[Activity]
Write every line below out again, exactly as given, but leave out the pictures.

[Data for the task]
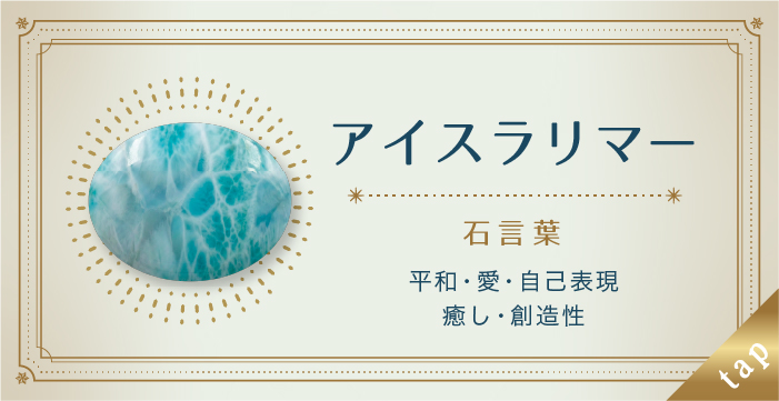 全体的に穏やかに過ごせそう。おみくじや宝くじなど「運試し」的なイベントは楽しむことを目的とするなら相性がよい流れです。ただし、本気になりすぎたり真に受けすぎるのはやめましょう。ちなみに鈴の音・風鈴の音など「リンリン」と鳴るものがラッキーアイテムのようです。可憐な音色に導かれるチャンスがあればぜひ誘われてみてください◎アイスラリマーは持ち主の神聖を高め、潜在能力を開花させてくれる石です。ウキウキを大切に♪
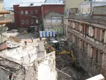 Два года назад, в мае 2009 года, защитникам старой Москвы стало ясно, что в усадьбе происходит что-то нехорошее. Попасть на её территорию было невозможно – по периметру железные ворота и дюжие охранники. Однако шум строительной техники и стук отбойных молотков разносился на всю Большую Никитскую.
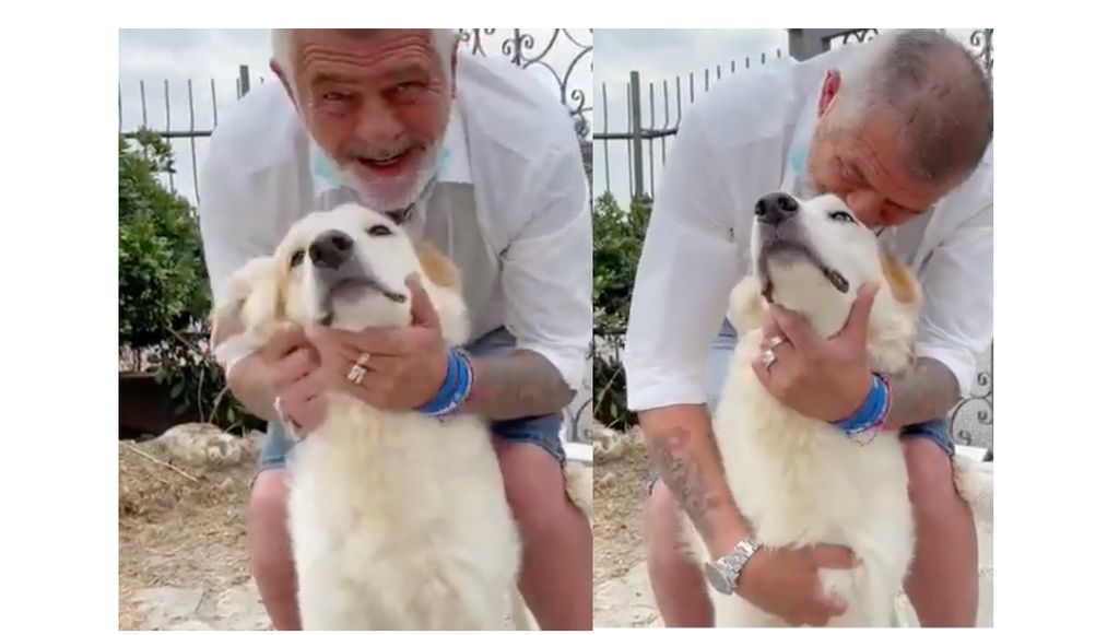 Enrico che tornava a casa, accolto a suon di feste dal suo Thiago. L'immagine dell'ex sindaco di Samarate Puricelli e del suo cagnolone è nel cuore di tanti.
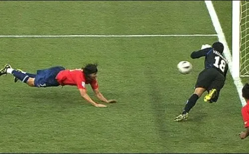 Tras una pelota parada ejecutada por Matías Fernandez al segundo palo,apareció Arturo Vidal para hacer la doble jugada; el centrocampistaconectó de cabeza, y dentro del área recibió Waldo Ponce. Era gol cantado…hasta que apareció San Noel:
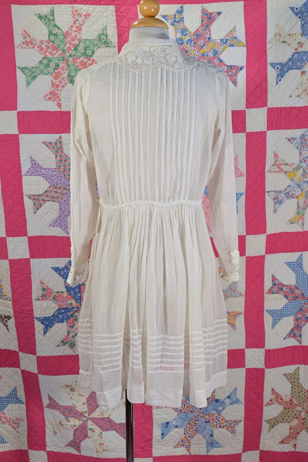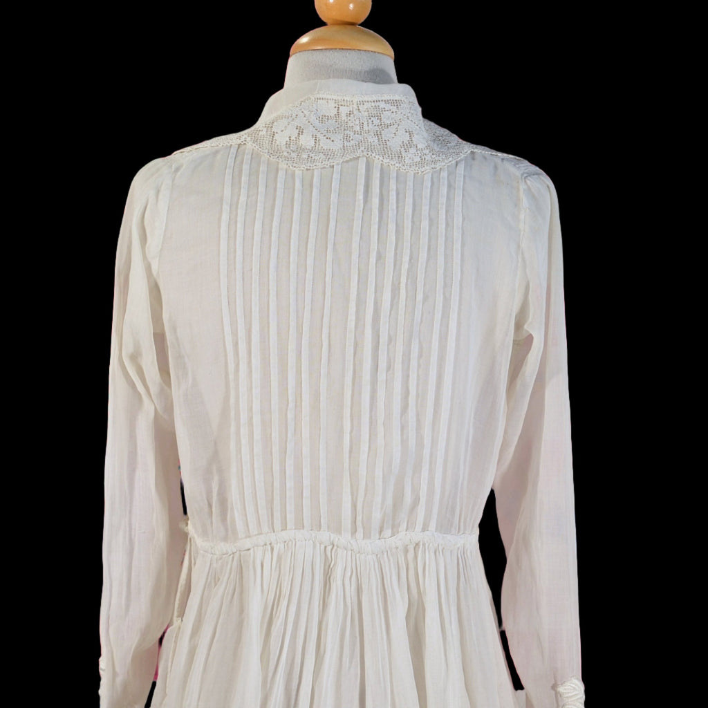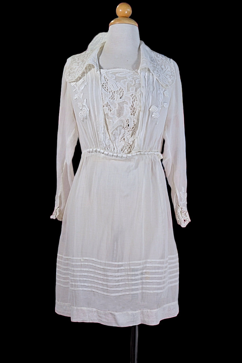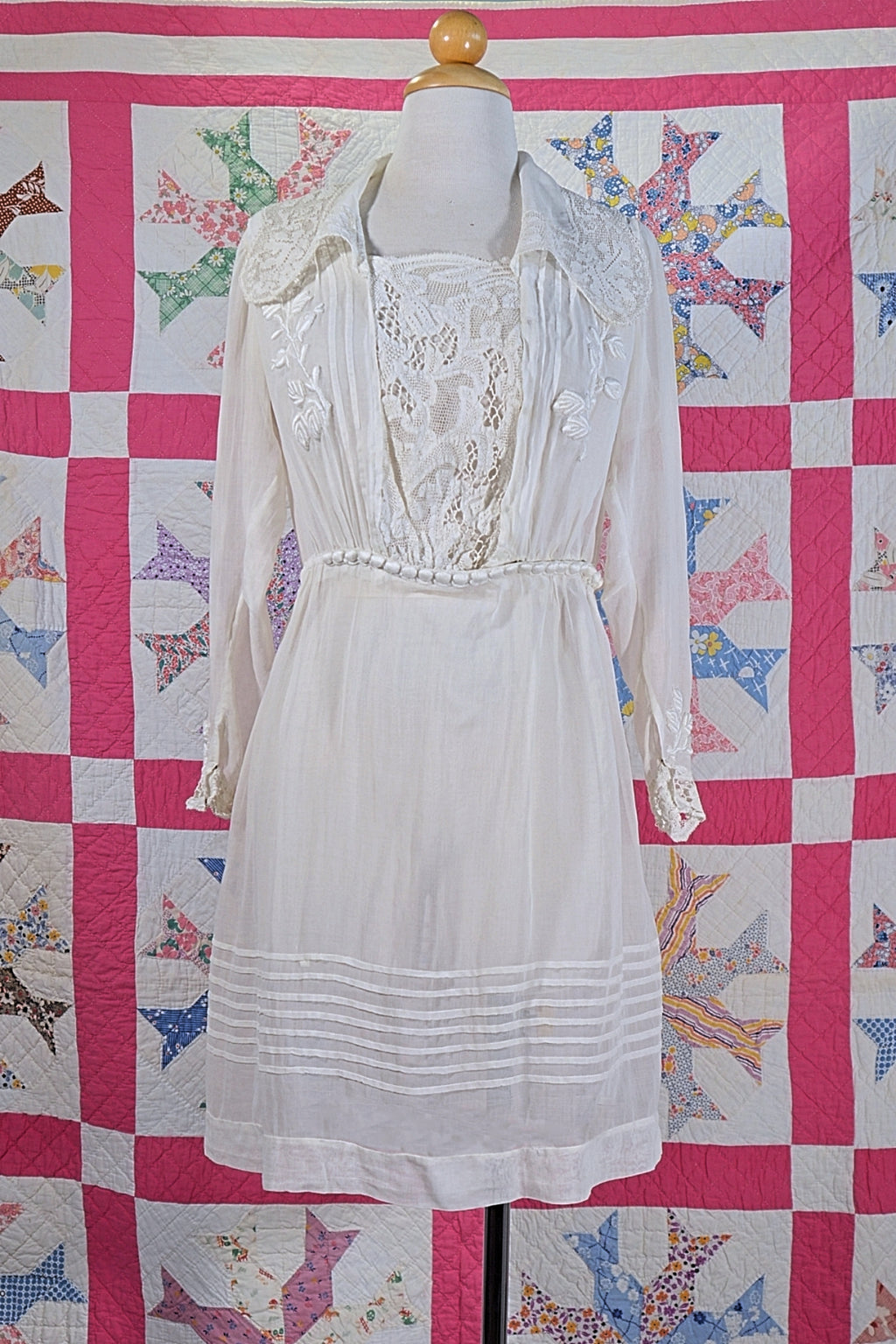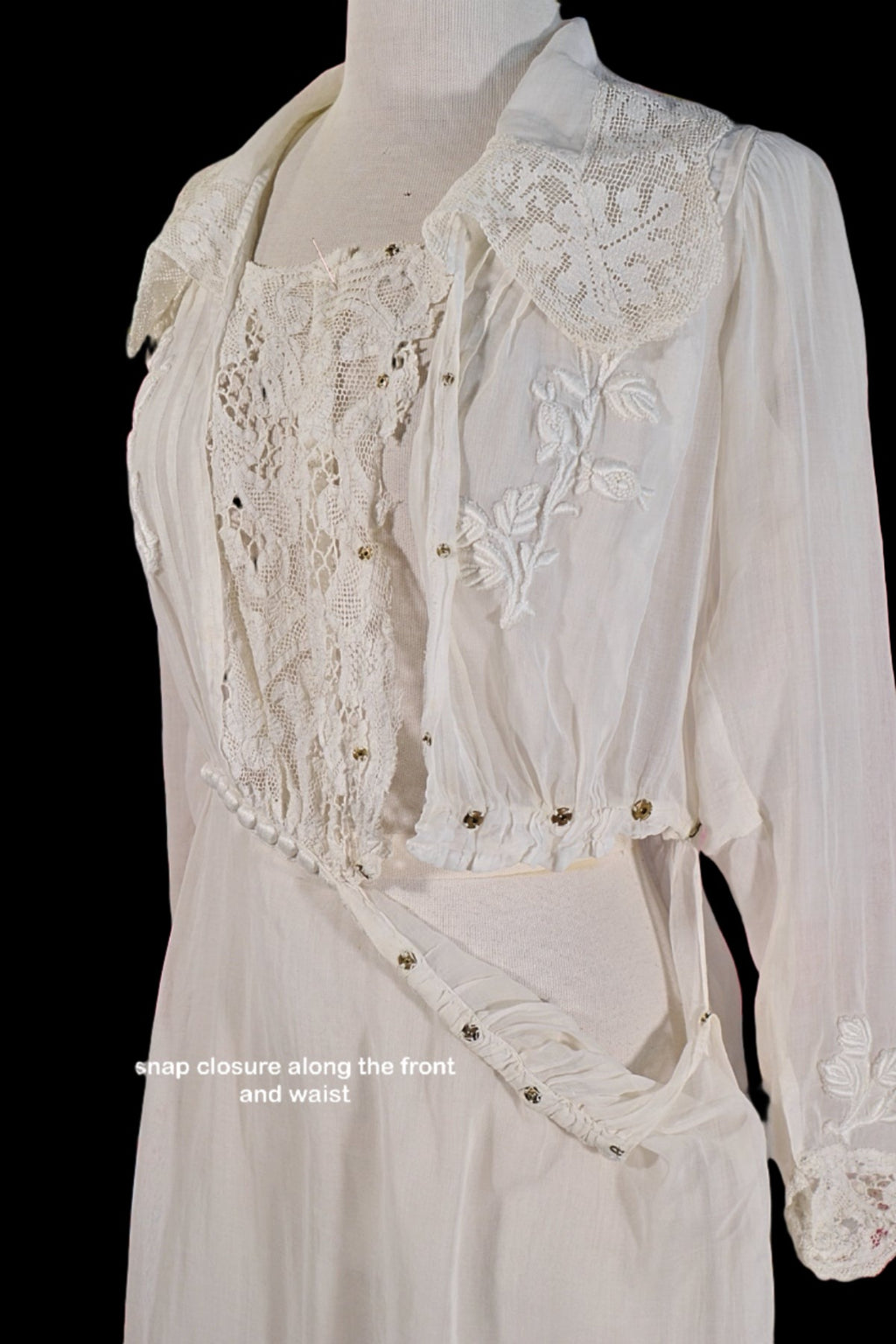 Antique Edwardian dress with embroidered details and lovely lace collar and inset bodice. The fabric is semi-sheer, the lace is sheer.

[Written answer]
 全体的に穏やかに過ごせそう。おみくじや宝くじなど「運試し」的なイベントは楽しむことを目的とするなら相性がよい流れです。ただし、本気になりすぎたり真に受けすぎるのはやめましょう。ちなみに鈴の音・風鈴の音など「リンリン」と鳴るものがラッキーアイテムのようです。可憐な音色に導かれるチャンスがあればぜひ誘われてみてください◎アイスラリマーは持ち主の神聖を高め、潜在能力を開花させてくれる石です。ウキウキを大切に♪
 Два года назад, в мае 2009 года, защитникам старой Москвы стало ясно, что в усадьбе происходит что-то нехорошее. Попасть на её территорию было невозможно – по периметру железные ворота и дюжие охранники. Однако шум строительной техники и стук отбойных молотков разносился на всю Большую Никитскую.
 Enrico che tornava a casa, accolto a suon di feste dal suo Thiago. L'immagine dell'ex sindaco di Samarate Puricelli e del suo cagnolone è nel cuore di tanti.
 Tras una pelota parada ejecutada por Matías Fernandez al segundo palo,apareció Arturo Vidal para hacer la doble jugada; el centrocampistaconectó de cabeza, y dentro del área recibió Waldo Ponce. Era gol cantado…hasta que apareció San Noel:
 Antique Edwardian dress with embroidered details and lovely lace collar and inset bodice. The fabric is semi-sheer, the lace is sheer.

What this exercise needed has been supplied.